Q: What happens to my work visa when I leave the country at the end of my contract?
A: Work visas generally have a set term, most commonly one year for initial visas, after which they expire if not renewed. These can often be renewed subsequently, and often for longer terms, should all parties agree. Alternatively, after a period of employment ends, a work visa may possibly be transferred into a tourist or even student visa, depending on the situation. If you are leaving the country and planning to return, however, you may often do so by applying for a re-entry permit (or something similar) prior to leaving. If you are leaving the country permanently at the end of your contract, make sure you depart before the expiry date on your work visa, to avoid fines or other penalties levied on those who overstay their visas.
In conclusion, it’s important to highlight the fact that – though the above guidelines generally hold for most visa applications – specific procedures and requirements do tend to change quite regularly. Not only do different countries have different types of visas available, and different required documents and application procedures for each, but moreover, these terms and requirements are always subject to change, and these changes will be updated on each country’s consular and embassy websites.

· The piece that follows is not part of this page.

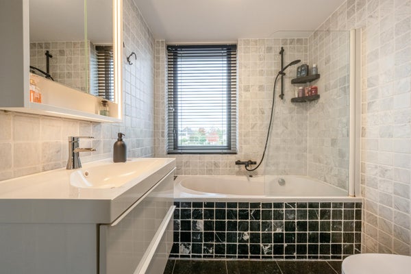 De moderne badkamer is ingericht met een gecombineerd ligbad met douche, een tweede toilet, een wastafelmeubel, verwarming en mechanische ventilatie. De wand- en vloertegels zijn in een neutrale wit/antraciet kleurstelling.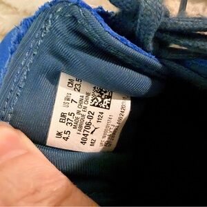 Bold blue sneakers with cream accents. Comfortable and stylish. Ideal for casual wear.

So, one very important piece of advice that we’d like you to take away from this article is: be sure to check the consular and/or embassy websites of the country you’ll be applying to, both prior to starting your visa application, and regularly throughout the application process. This is the best way to remain up to date on current requirements, and you will also be able to find contact information for your local consular authority (which will be useful to have ready at hand in case any issues arise during your visa application). Finally, familiarizing yourself with these websites, their layouts, and where the information you’re most frequently looking for can be found, will help you to quickly and efficiently locate the resources you need once you’re ready to start your visa application.
Your Oxford Seminars Job Placement Advisor will also be able to help answer any questions you may have, and the overseas school or recruiter you’re working with should also be there to help walk you through the process, and provide you with advice and useful information. Though it can be a bit stressful, just remember that applying for a work visa means you’re just a few steps away from embarking on an amazing and potentially life -changing adventure. Your research and hard work will really pay off once you arrive at your destination and become immediately immersed in a whole new world of sights and sounds, and – trust us – it’s going to be WAY more exciting than leaving the dentist’s office!